Is there some way to not use guess and check? Although it is a pretty good strategy, I find it quite unstable.

• @The-Blade-Dancer Hi again! This is a good question! Even though guess-and-check sometimes works and can even be the quickest approach sometimes, there's something a bit unsatisfying about it. How do we really know that we'll get anywhere? What if we end up guessing forever? $${\tiny \text{(The horror...) }}$$

Well, in this case, we can use a bit of algebra along with the fact that $$a$$ and $$b$$ are integers in order to figure out that $$a = 7$$ and $$b= 5.$$

Let's first start with the problem statement.

$$\sqrt{a} + \sqrt{b} = \sqrt[3]{22 \sqrt{7} + 26\sqrt{5}}$$

Cube both sides of the equation.

\begin{aligned} \left( \sqrt{a} + \sqrt{b} \right)^3 &= \left( \sqrt[3]{22 \sqrt{7} + 26\sqrt{5}} \right)^3 \\ a\sqrt{a} + 3a\sqrt{b} + 3b\sqrt{a} + b\sqrt{b} &= 22\sqrt{7} + 26\sqrt{5} \\ \left( 3b + a \right) \sqrt{a} + \left( 3a + b \right) \sqrt{b} &= 22\sqrt{7} + 26\sqrt{5} \\ \end{aligned}

That looks better..... right? (You don't agree it looks better?)

Now let's use the fact that $$a$$ and $$b$$ are integers.

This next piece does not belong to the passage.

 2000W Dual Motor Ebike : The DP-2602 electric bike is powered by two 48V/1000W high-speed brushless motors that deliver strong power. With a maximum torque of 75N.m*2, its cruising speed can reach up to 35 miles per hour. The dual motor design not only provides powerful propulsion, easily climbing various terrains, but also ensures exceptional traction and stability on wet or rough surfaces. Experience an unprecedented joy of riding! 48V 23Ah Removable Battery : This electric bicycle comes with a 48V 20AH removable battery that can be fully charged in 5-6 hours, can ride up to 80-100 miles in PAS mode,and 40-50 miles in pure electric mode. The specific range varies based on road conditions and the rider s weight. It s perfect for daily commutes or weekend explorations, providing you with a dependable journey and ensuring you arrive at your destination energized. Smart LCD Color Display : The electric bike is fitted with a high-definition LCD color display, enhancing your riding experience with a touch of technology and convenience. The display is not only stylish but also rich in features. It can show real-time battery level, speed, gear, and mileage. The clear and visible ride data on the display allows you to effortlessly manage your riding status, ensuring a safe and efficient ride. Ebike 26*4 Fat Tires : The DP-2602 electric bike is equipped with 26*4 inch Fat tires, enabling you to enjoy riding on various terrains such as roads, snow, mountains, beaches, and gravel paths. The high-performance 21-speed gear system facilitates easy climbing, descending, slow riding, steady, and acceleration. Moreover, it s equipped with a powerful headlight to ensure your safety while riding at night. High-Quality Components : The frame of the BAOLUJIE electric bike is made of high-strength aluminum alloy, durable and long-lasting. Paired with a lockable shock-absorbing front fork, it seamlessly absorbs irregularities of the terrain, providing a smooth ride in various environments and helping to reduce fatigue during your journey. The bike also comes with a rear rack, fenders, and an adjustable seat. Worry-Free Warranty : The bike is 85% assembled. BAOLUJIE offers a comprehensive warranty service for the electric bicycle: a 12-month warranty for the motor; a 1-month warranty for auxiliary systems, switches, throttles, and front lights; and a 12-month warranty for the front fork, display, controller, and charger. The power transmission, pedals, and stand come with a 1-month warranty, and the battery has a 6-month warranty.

We know the right hand side has some radicals, the $$\sqrt{7}$$ and the $$\sqrt{5}$$ terms. Where could they have come from, though? Could either radical have come from the $$\left( 3b + a\right)$$ or the $$\left( 3a + b \right)$$? No, because $$a$$ and $$b$$ are both integers, so $$\left( 3b + a\right)$$ and $$\left( 3a + b \right)$$ are also both integers. Well, it looks like there's no doubt about where the $$\sqrt{5}$$ and the $$\sqrt{7}$$ came from.

$$\sqrt{5} \text{ and } \sqrt{7} \text{ came from the } \sqrt{a} \text{ and the } \sqrt{b}$$

So there you have it! Now that you know that $$a = 5$$ and $$b = 7$$ (or vice versa... it doesn't actually matter), then you can figure out that their sum is $$5 + 7 = \boxed{12}.$$